Incontri, s’è detto. Tanti. Cosa ti hanno lasciato?
«Il nostro presente è frutto e somma del nostro passato, di ciò che siamo stati, del vissuto e dei grandi incontri fatti. Credo che tutto questo non sia facilmente codificabile, non so cosa e quanto è rimasto in me, ma fuori discussione è che i momenti di vita condivisa, artistica e quotidiana, fanno parte di me e sono dento il mio presente. Sono condizionamenti in positivo, mi hanno migliorato e questo vale, credo e spero, per tutti coloro con cui ho collaborato. Io ormai mi sono riappacificato nella vita, ho eliminato le negatività, non ce l’ho con nessuno e serbo solo bellissimi ricordi».
Chi è il Marok musicista?
«Molti mi definiscono un alchimista, io mi sono pian piano abituato a pensare che ci sia davvero qualcosa di alchemico nel mio rapporto con la musica. È come se fossi un cane solitario e randagio che va in giro anche nei postriboli meno abbaglianti e poi trova un branco giusto, gli piace, ci sta per un po’, poi torna a girovagare sino al prossimo incontro. Questo vale per il Maroccolo musicista e essere umano.
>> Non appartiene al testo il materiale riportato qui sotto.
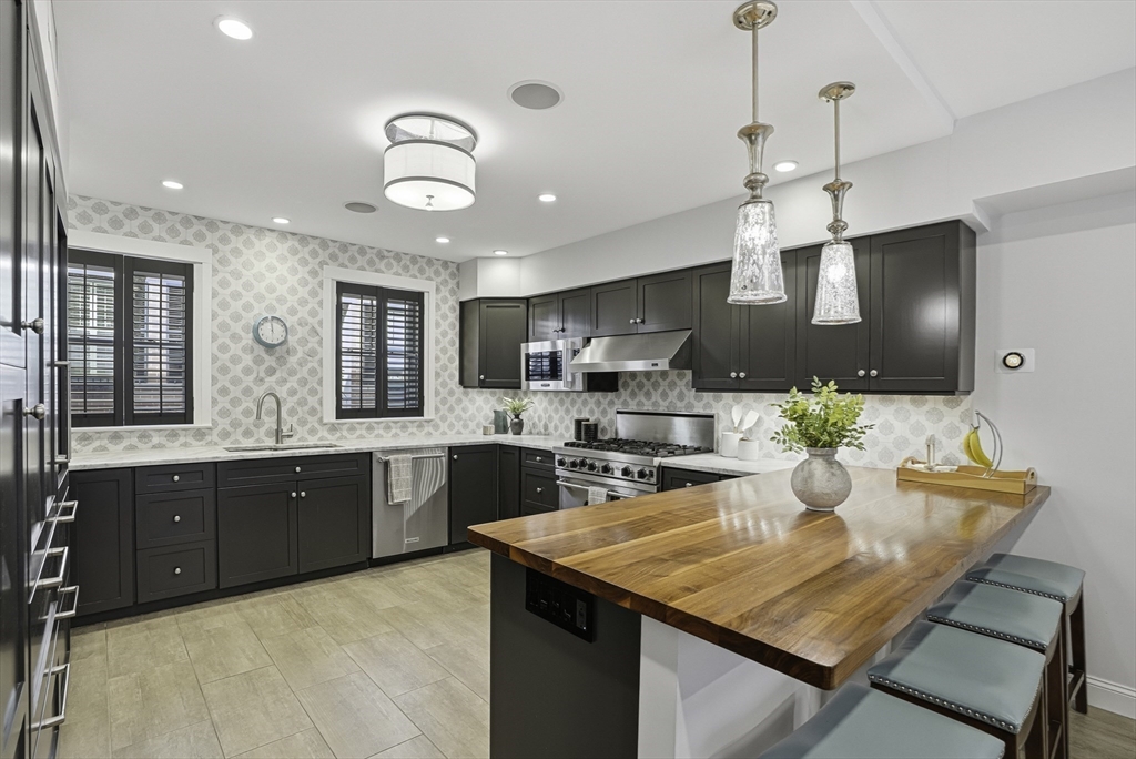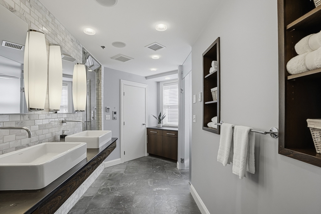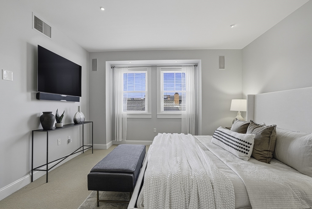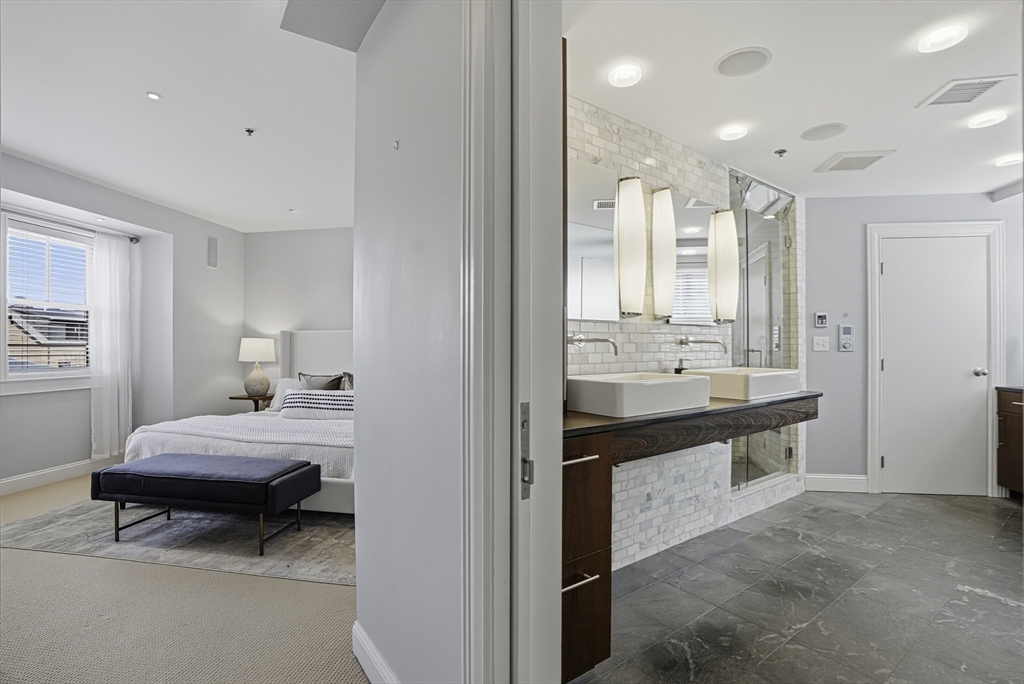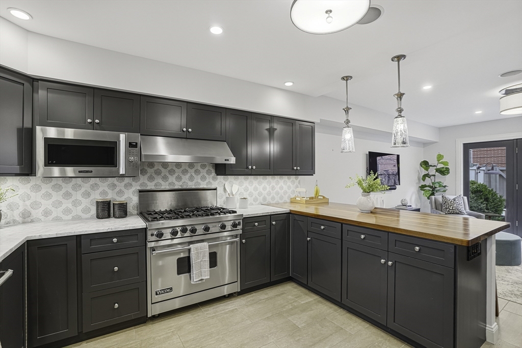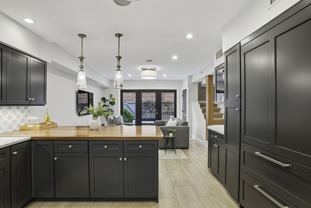 South End elegance on a serene, tree-lined street, where style, space & convenience converge. Enter through a welcoming foyer into over 2,300 SF of quiet luxury, with a double parlor featuring soaring ceilings, tall windows, oak floors & a gas fireplace, creating a striking centerpiece for the home. Expansive, sunlit rooms offer a versatile layout for refined living. Two deeded garage spaces—a highly coveted and uncommon offering—add convenience and value. The open-concept kitchen showcases custom cabinetry, Viking range, Sub-Zero refrigerator, radiant heat & marble countertops, flowing seamlessly to a fully fenced bluestone patio framed by gardens, a private outdoor sanctuary in the city. Third level offers two bedrooms & renovated guest bath. Top-floor primary suite features Back Bay skyline views, walk-in closet & spa-like bath with steam shower. Moments to Flour, Gigi, Toro, Kava —city living at its finest!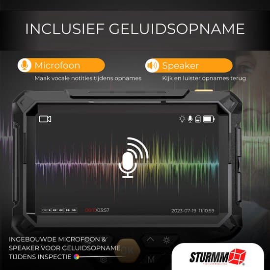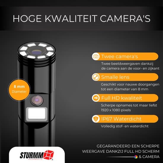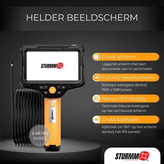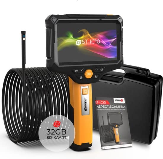 Ontdek het endoscoop assortiment van STURMM® en inspecteer moeilijk bereikbare gebieden met één van onze hoog beoordeelde inspectiecamera’s. Model ST-IC10 wordt geleverd met een afkoppelbare videokabel van 5 meter, twee HD camera’s, geluidsopname systeem, vernieuwd IPS kleurendisplay en ingebouwde zaklamp aan de achterzijde van het apparaat. De endoscoop wordt als complete set geleverd met een opbergkoffer én 32GB micro SD kaart.

Acau è stato un disco solo strumentale ispirato al concetto di profondità. Dopo qualche mese mi mancava la voce e una sera scrissi 14 lettere ad altrettanti artisti invitandoli a collaborare. Tutti e 14 dissero di si: s’è viaggiato in branco per un breve periodo, poi ognuno è tornato a fare le sue cose».
I tre live sardi di Nulla è andato perso sono stati aperti da tre artisti emergenti, Igor Lampis, Andrea Andrillo e Pasquale Demis Posadinu: li hai elogiati e sei in contatto con loro. Quanto è importante dare un chance a chi ci prova?
«Sono cresciuto in un periodo in cui si condivideva tutto. Incontravi musicisti più avanti di te che ti consigliavano, entravi a vederli suonare in studio e nessuno ti sbatteva la porta in faccia, non c’erano segreti da preservare solo scambio esperienza. Da tempo mi metto in gioco sui social e sul web, senza fake o addetti alla gestione dei miei profili: lo faccio al 100%, passo ore ad ascoltare nuove cose, a scambiare mail, visionare provini e dare consigli se richiesti. Nel caso specifico le tre date in Sardegna hanno avuto un significato importante per me che sull’Isola ho passato i primi anni della mia vita. È come fossi nato lì e lì ho acquisito, fortunatamente, un certo tipo di mentalità e principi. Mi ha fatto piacere avere tre artisti sardi ad aprire i miei concerti, mi sono piaciuti tutti e tre realmente come persone e per i loro progetti pur se abbastanza o apparentemente lontani. Li seguo con affetto, mi piace quel che fanno, ho visto che hanno lavorato anche assieme e io mi sono…messo a disposizione. La cosa pazzesca, ai tempi d’oggi, è che per me questa è l’assoluta normalità».